The Fortinet Security Fabric has three pillars at its foundation:
- Zero-trust access
- Security-driven networking, which combines security features with your network infrastructure
- Adaptive cloud security, which provides dependable cloud-native security across your entire ecosystem
Threat insights are generated by FortiGuard, analyzed by FortiAI, and then shared across the Security Fabric.

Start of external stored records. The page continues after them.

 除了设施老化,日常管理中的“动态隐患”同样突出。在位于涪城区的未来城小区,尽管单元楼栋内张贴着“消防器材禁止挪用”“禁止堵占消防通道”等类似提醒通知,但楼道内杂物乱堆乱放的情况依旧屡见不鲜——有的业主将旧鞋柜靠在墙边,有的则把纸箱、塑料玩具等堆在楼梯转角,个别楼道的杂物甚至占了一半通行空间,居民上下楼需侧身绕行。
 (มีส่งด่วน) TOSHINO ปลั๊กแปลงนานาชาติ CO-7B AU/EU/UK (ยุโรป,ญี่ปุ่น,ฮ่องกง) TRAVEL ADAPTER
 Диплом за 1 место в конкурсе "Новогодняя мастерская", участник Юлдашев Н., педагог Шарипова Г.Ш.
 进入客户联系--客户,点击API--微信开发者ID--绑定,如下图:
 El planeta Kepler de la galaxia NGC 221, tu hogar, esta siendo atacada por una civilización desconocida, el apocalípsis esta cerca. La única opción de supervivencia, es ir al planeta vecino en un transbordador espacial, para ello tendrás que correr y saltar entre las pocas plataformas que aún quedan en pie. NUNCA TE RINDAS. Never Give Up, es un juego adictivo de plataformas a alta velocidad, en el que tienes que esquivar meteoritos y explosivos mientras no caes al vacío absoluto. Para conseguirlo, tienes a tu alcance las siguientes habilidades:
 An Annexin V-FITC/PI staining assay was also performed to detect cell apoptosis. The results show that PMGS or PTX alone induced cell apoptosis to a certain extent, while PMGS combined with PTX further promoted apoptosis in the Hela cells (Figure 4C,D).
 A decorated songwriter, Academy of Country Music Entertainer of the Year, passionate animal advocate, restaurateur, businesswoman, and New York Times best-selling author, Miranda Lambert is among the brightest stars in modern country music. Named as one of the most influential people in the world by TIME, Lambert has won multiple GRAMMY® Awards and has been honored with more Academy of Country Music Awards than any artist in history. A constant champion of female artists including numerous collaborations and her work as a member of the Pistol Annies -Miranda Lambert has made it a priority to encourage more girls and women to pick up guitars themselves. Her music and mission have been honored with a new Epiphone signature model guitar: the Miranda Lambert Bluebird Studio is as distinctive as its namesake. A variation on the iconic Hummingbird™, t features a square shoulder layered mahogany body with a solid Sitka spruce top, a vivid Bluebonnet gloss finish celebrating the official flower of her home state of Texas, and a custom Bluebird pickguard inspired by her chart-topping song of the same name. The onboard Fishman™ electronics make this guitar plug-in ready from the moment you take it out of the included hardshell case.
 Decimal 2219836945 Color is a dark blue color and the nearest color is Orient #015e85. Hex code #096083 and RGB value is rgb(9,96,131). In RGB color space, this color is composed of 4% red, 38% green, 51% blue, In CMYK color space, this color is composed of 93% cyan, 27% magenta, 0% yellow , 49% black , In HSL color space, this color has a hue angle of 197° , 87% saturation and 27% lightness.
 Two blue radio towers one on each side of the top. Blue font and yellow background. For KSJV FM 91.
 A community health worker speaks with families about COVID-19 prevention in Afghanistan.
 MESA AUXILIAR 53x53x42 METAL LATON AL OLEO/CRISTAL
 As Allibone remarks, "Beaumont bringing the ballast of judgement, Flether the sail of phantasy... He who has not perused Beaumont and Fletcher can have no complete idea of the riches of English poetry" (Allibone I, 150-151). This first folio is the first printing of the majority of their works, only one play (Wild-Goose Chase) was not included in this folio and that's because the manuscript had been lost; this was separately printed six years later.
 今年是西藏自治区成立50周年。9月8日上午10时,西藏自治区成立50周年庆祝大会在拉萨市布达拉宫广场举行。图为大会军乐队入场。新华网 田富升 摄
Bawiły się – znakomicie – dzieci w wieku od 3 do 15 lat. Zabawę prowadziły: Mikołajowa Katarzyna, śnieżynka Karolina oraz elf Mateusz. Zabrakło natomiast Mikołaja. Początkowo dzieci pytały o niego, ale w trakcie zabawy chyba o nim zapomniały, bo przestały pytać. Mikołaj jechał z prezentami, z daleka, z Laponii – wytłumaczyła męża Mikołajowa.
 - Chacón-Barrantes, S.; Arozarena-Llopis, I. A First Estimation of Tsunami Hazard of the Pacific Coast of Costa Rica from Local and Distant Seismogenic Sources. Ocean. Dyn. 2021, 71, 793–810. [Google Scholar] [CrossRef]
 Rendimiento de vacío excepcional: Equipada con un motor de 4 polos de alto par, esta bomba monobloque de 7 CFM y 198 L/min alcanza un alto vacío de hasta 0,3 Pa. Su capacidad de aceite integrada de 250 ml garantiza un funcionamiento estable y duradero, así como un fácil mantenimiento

To make it easier to connect existing solutions, the Security Fabric supports open application programming interfaces (APIs), making it easy to align it with your current tools. All the features of the Fortinet Security Fabric are controlled within a single Fabric Management Center, ensuring a coordinated response and a fully cohesive solution. Fortinet AI systems oversee the Security Fabric, enabling a fully automated, self-healing network security solution.
What is COBIT used for?
The COBIT framework is used to facilitate the way information technology is developed, improved, implemented, and managed.
What is the difference between ITIL and COBIT?
One of the key differences between ITIL and COBIT is while COBIT outlines what needs to be done, ITIL describes ways to do it.
What are the controls in COBIT?
The controls in COBIT help you achieve objectives such as the purpose or result of a process, principle, practice, tool, symbol, organizational unit, or something else the IT system is designed to accomplish.
Who should use COBIT?
COBIT can be used by IT admins, CIOs, and auditors to strengthen IT systems.
Is COBIT a form of ITIL?
COBIT is not a form of ITIL, but the two can be used in conjunction with each other, with ITIL providing guidance regarding action steps to accomplish COBIT objectives.